Em meados de setembro, a Organização das Nações Unidas para Agricultura e Alimentação (FAO, de seu nome em inglês) divulgou relatório sobre a fome no mundo. O estudo traz boas novas: no mundo, o número de pessoas subnutridas caiu pela primeira vez em 15 anos, passando de 1,023 bilhão para 925 milhões no último ano. A melhora se deu, fundamentalmente, pela retomada do crescimento econômico nos países menos desenvolvidos e a uma queda nos preços dos alimentos desde 2008.

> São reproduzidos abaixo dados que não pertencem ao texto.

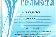 Воспитанница подготовительной к школе группы Гарайшина Лия (воспитатели Бреднева А.В., Гаврилова Т.А.) заняла 2 место в муниципальной олимпиаде по формированию элементарных математических представлений.
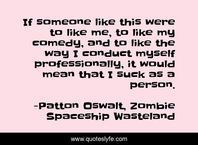 This page presents the quote "If someone like this were to like me, to like my comedy, and to like the way I conduct myself professionally, it would mean that I suck as a person.". Author of this quote is Patton Oswalt, Zombie Spaceship Wasteland. .
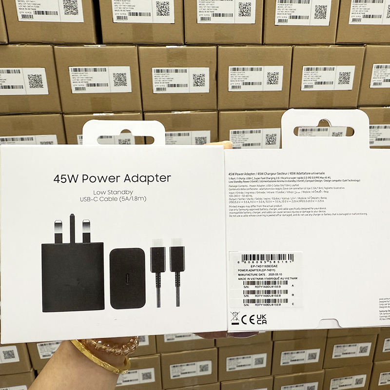 อะแดปเตอร์ชาร์จโทรศัพท์มือถือรุ่นใหม่ หัวปลั๊ก EU US UK ช่องเสียบ USB Type C สำหรับ Samsung รองรับการชาร์จเร็ว 45W สำหรับ Samsung S22 S23 Note10 Note20
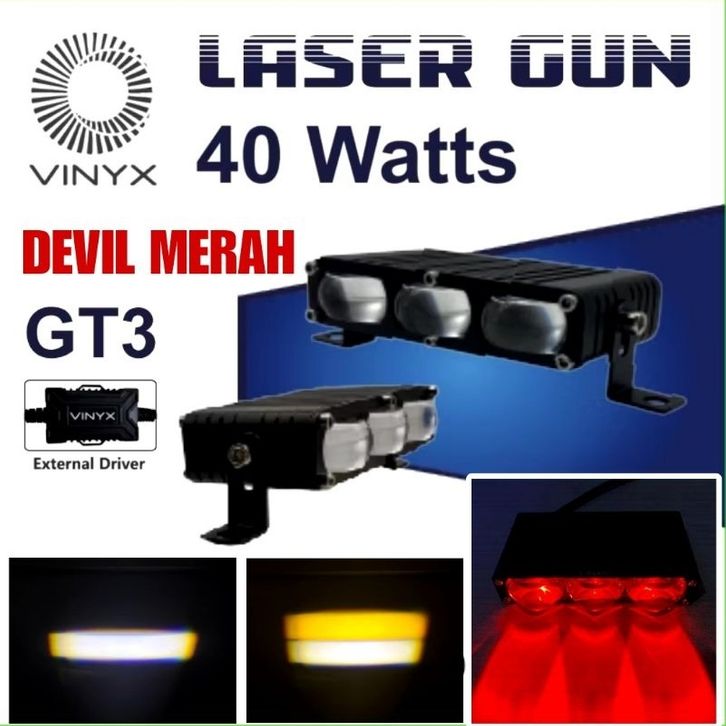 Lampu Tembak Vinyx GT3 40W Laser Gun Slim Grill Mobil Motor 2 Warna Putih Kuning
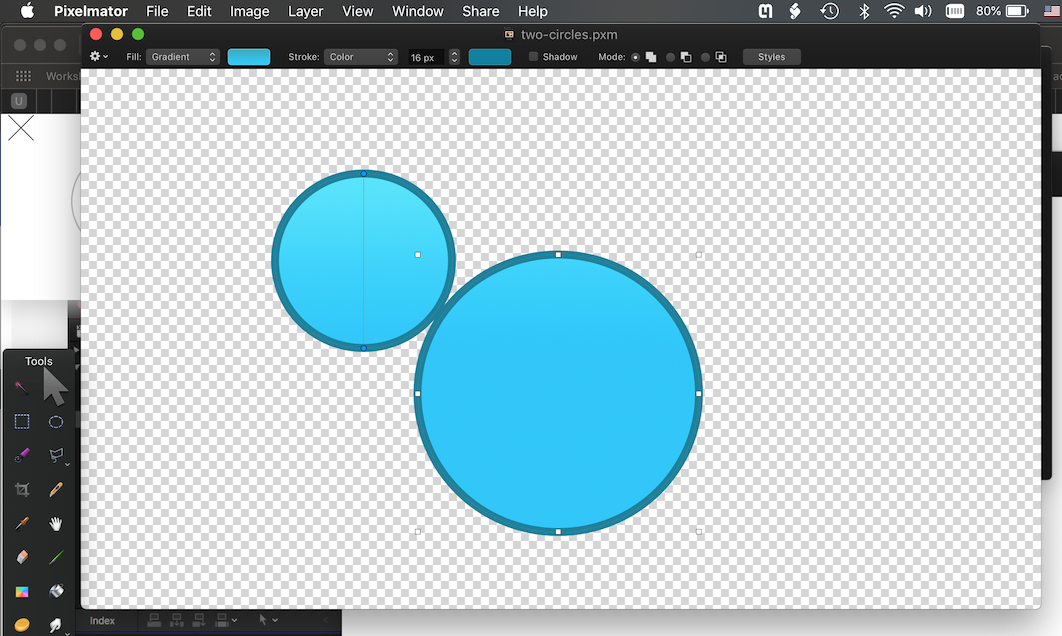 2) Add a black background by creating a new layer and using the paint-bucket tool to fill it completely. Move it below in the layer order so you see the white circles again.

Mesmo com a redução de 98 milhões de pessoas, o que equivale a 9,6% do total de subnutridos, ainda é um número alto demais. Entre as metas do milênio estabelecidas pelas Nações Unidas na virada do século, está a diminuição à metade no número de vítimas da fome no mundo até 2015. Para caminhar em direção a essas metas, a FAO considera imperativo que países adotem políticas que apoiem a agricultura familiar, atividade que atende parte substantiva da demanda por alimentos no mundo. Além disso, a organização sublinha a importância de políticas assistenciais, sociais e de proteção das populações mais carentes perante as crises econômicas.

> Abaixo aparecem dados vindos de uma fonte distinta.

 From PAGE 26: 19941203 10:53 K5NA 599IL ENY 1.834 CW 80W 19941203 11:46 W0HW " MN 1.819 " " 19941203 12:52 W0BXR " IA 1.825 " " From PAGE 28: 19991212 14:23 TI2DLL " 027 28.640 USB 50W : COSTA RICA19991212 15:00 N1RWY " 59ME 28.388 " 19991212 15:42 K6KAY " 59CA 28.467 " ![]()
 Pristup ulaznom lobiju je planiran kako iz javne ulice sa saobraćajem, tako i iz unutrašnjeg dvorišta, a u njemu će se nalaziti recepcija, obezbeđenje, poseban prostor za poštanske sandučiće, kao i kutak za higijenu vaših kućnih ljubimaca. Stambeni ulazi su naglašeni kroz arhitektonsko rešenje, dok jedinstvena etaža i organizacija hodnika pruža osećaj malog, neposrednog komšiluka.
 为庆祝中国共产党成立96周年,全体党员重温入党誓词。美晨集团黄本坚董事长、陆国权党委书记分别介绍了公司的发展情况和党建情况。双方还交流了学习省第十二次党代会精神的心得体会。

Quando se estuda a distribuição geográfica da subnutrição encontra-se o esperado. Algo como 98% dos subnutridos vivem em países menos desenvolvidos. Dois terços dessa população concentram-se em apenas sete países: Bangladesh, China, República Democrática do Congo, Etiópia, Índia, Indonésia e Paquistão. As estimativas da FAO dão conta de que na América Latina e Caribe vivem cerca de 53 milhões em estado de subnutrição.

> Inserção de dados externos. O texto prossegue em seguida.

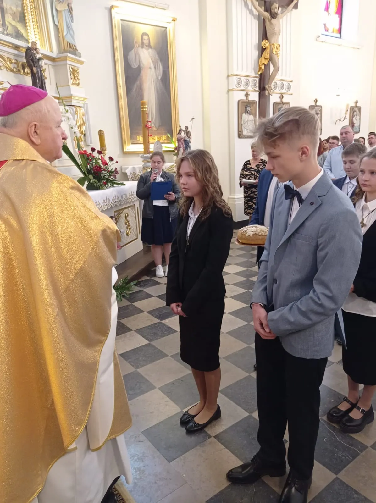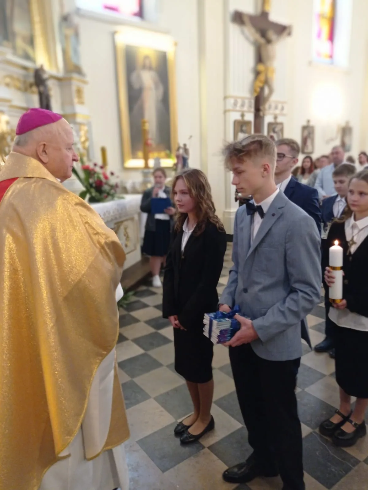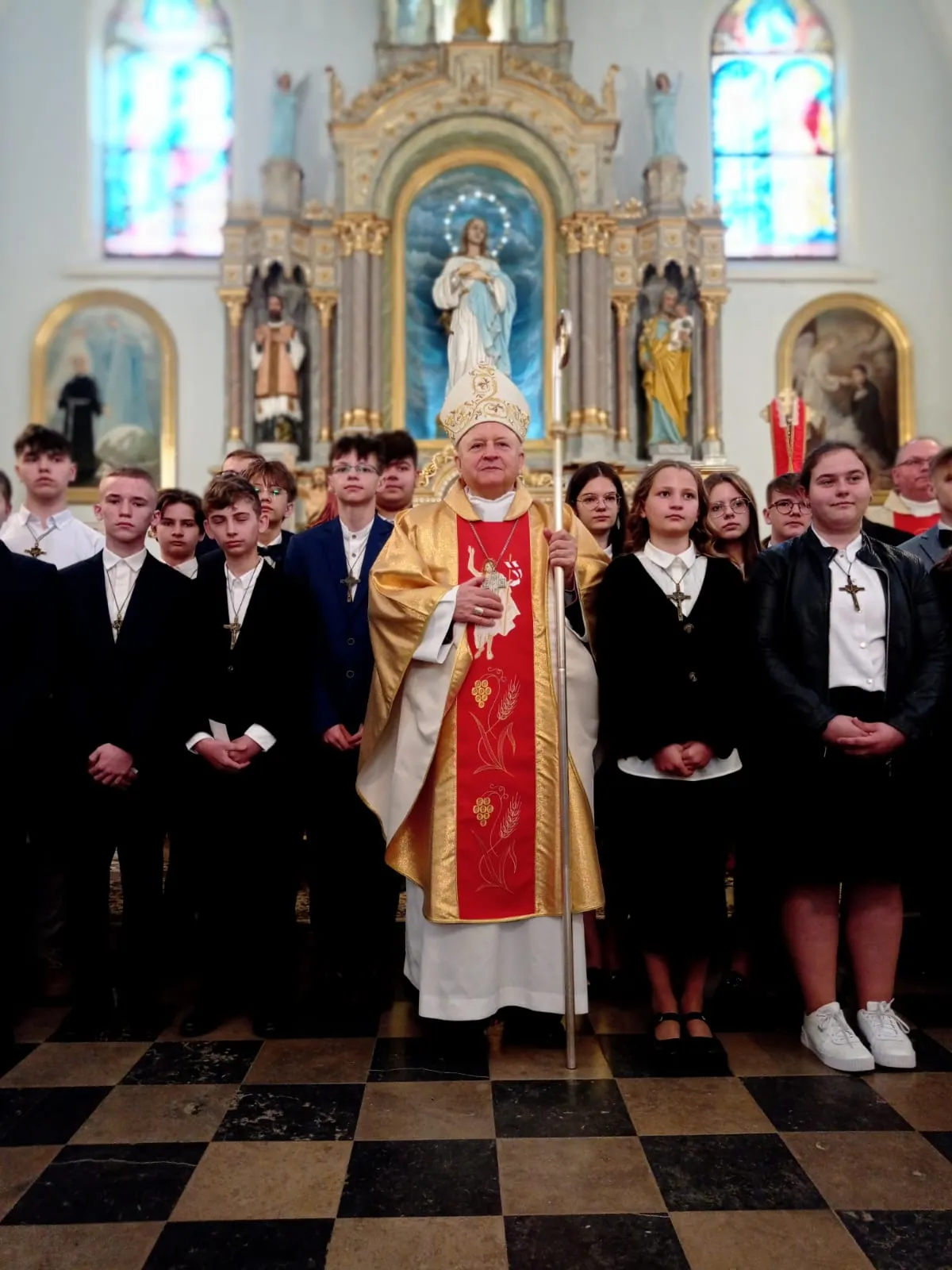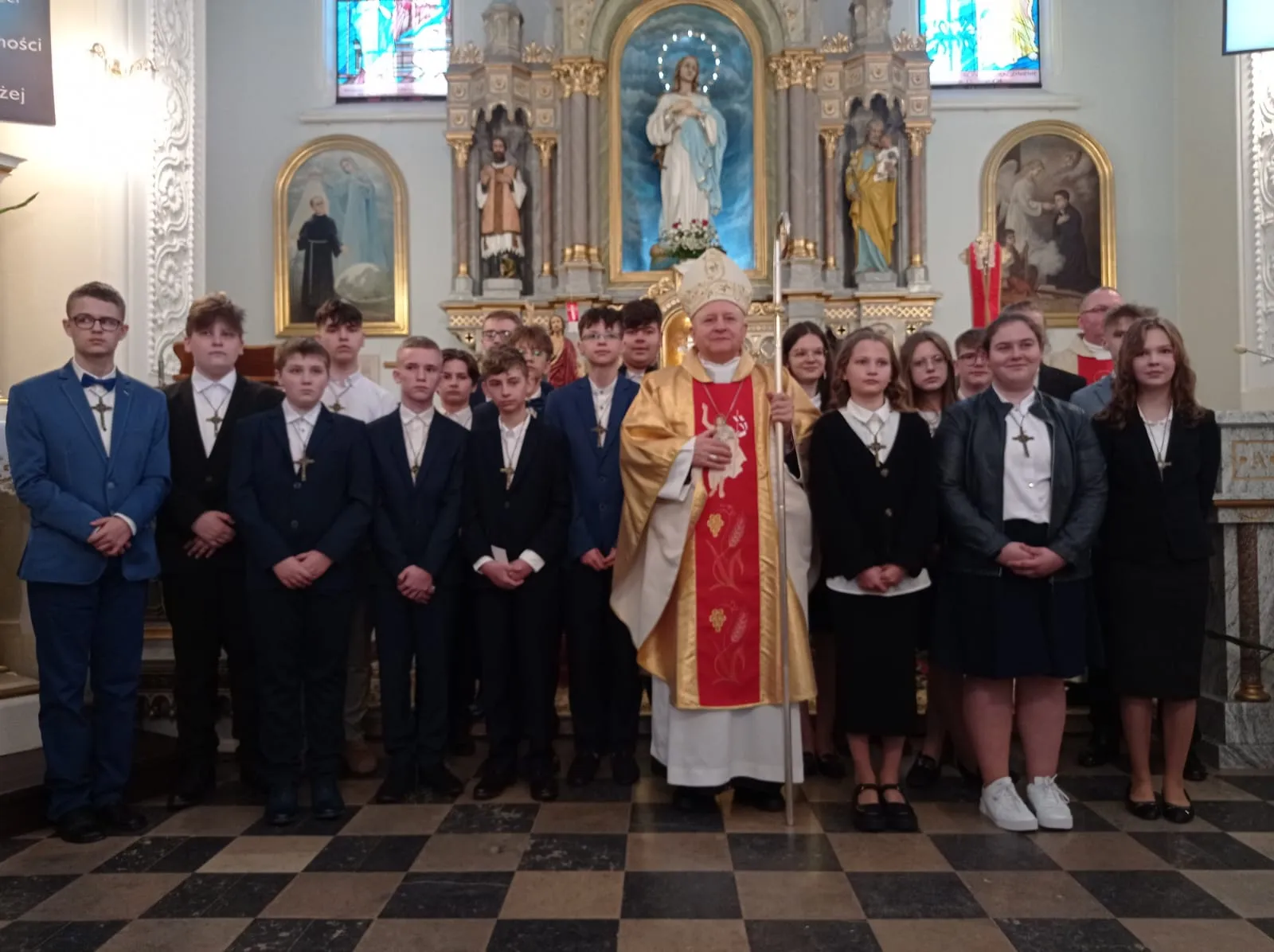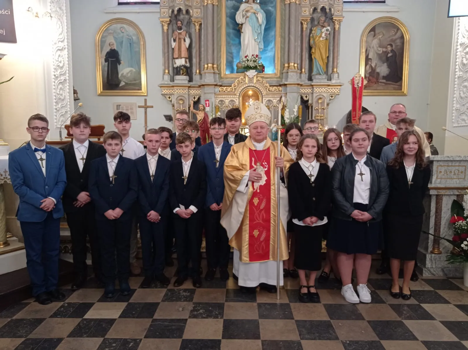 W niedzielę, 12 maja 2024 r. podczas Mszy św. o godz. 10.00 ks. bp Jóżef Wróbel udzielił sakramentu bierzmowania naszej młodzieży z klasy 7 i 8 oraz trojgu młodym uczniom z innej szkoły, łącznie sakrament bierzmowania przyjęło 20 osób.

Simultaneamente, a Action Aid, uma organização não-governamental presente em mais de 40 países e com atuação de suporte às políticas de inclusão econômica, divulgou a segunda edição do Placar da Fome, um ranking dos países que mais atuam contra a fome no mundo. Pelo segundo ano, o Brasil aparece em primeiro entre os países em desenvolvimento, principalmente, por ter conseguido atingir a meta de reduzir à metade a proporção de pessoas desnutridas e de crianças abaixo do peso em pouco mais de 10 anos.
Hoje, já está comprovado no Brasil o resultado das políticas sociais adotadas na última década. Mas vale qualificá-las um pouco. O Brasil sempre foi conhecido no mundo todo como um país que convive com grandes desigualdades e com um elevado contingente da população em situação de pobreza. A urgência em fazer frente a essa situação inspirou a elaboração de programas de apoio social de transferência direta de renda. Essas são iniciativas mais recentes e assumiram importância crescente desde os anos 1990. A execução desse tipo de política tem ampliado o debate acerca das formas de intervenção para aliviar a pobreza e reduzir as desigualdades de renda e de oportunidades, especialmente quando condicionam a concessão do benefício a comportamentos, por parte dos receptores, que visem a estimular alguma forma de acumulação de capital humano. O fato é que essas políticas tiveram efeitos inegáveis na redução da pobreza absoluta. Tomando o caso mais emblemático, o Programa Bolsa Família prevê a transferência de recursos a famílias de baixa renda, condicionando o benefício a comportamentos dos receptores em relação à educação e à saúde. O programa foi instituído pelo governo federal em 2004 e faz parte de um conjunto de programas sociais preexistentes e do Programa Fome Zero. Desde a origem, o programa visou atender a dois grandes objetivos: a redução da pobreza e da desigualdade e a provisão de ativos e incentivos, por meio da ampliação do acesso à educação e de medidas básicas de saúde, para que futuras gerações sejam menos atingidas pela pobreza.
O relatório da Action Aid destaca os resultados dos programas sociais no Brasil, citando a redução do número de pessoas vivendo em extrema pobreza, que passou de 21 milhões em 2003 para 8,9 milhões em 2008, e a perspectiva de que a miséria seja erradicada até 2014.
Parcela importante desses resultados no Brasil se deve, também, a uma melhora nas condições macroeconômicas. Inflação mais baixa vem corroendo menos os rendimentos. O crescimento econômico e o aumento do emprego formal vêm “trazendo” grandes contingentes de trabalhadores para uma vida econômica mais ativa e para o consumo.
Assim, o caminho para a erradicação da miséria é mais seguro na medida em que se combina políticas sociais de emergência, com políticas mais estruturais que possam inserir essas pessoas no mundo do trabalho e atendê-las na rede de educação e saúde.
É um resultado a se comemorar!
*Economista, professora do Instituto de Relações Internacionais da Universidade de São Paulo.